Friday night I was out at a club, and about the time we all were getting tossed out (last call), I ran into that hot little trumpet player that I made out with (and got lovingly molested by), from the Marching Band. We hugged, and she promptly took me to task. "I read your blog about the other night. Was I girl number two, or three, or what!?" Uh oh. I did my usual backpedaling, "Well, I try not to ‘out’ people on my site if I don’t know it’s okay!" She smiled and mentioned something about getting better placement next time. I thought, *she said next time*! Then she mentioned offhandedly that she’d love to "get me up on some RSS." Now if that doesn’t sound like a hot nerd proposition… I said it sounded fun, and let it go, saying goodbye.

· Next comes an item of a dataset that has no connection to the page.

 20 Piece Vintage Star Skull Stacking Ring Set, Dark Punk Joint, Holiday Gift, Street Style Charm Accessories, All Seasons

The next day she emailed me and said, hey give me your password info and I’ll install some software for you — and I did, and within almost minutes she was sending me a link to an interface that will soon be my new RSS blog! But right about the same time I was trying to upload a file and got an error message that my disk was almost full! Shit — so I called my hosting provider and turns out I was on an old plan from about four years ago, and to upgrade to "Premier" (unlimited everything) I’d have to move to a new server… so the past few days have been spent in a tense panic while my site has gone down for a minute. Tiny Nibbles was actually down for a few hours, but now I’ve got her back up on a pimpin’ new ride of a server, with lots of space and room for my bandwidth. Sexy Marching Band trumpeter Squishy — that’s really her dirty nickname in the band — has helped me with the move, and I think I might’ve gone insane without her. And what does a super-sexy trumpet girl get for geek work? A fat, I mean phat, load of porn ‘n toys for Valentine’s Day. And by the weekend, I hope to have my new blog up and running — which means no more delays in regular posting! Thank you, thank you, thank you Squishy!

Flame throwers. Biker gangs. Illegal boxing. I had no idea my weekend would end up like it did.

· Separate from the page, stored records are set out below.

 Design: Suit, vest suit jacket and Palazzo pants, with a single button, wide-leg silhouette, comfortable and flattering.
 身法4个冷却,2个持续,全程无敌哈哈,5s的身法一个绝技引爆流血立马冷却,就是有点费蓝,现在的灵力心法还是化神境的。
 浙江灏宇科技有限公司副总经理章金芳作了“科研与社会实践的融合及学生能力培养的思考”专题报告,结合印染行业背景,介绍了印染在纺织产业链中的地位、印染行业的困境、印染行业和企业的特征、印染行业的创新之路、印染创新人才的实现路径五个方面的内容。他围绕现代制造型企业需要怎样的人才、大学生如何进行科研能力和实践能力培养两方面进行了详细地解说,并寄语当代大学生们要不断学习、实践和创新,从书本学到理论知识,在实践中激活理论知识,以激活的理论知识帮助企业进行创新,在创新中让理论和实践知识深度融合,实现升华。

I finally agreed to go to the Saturday night Marching Band gig through the haze of a brain-pounding hangover, a self-induced temporary disability brought on by a sudden urge on Friday night to feel alive and excited — and to get drunk to celebrate a decent royalty check and new book deal. And a crappy week at my day job. By four o’clock Saturday, I crawled out from under a pile of erotica books (loaned to me by my publisher for the Cleis Book) to let Angel, a sexy little Asian band girlfriend, convince me she needed me there. I would do anything for Angel. And we didn’t need to be there until midnight, so that meant I could spend the next six hours rehydrating myself, eating eggrolls and showering.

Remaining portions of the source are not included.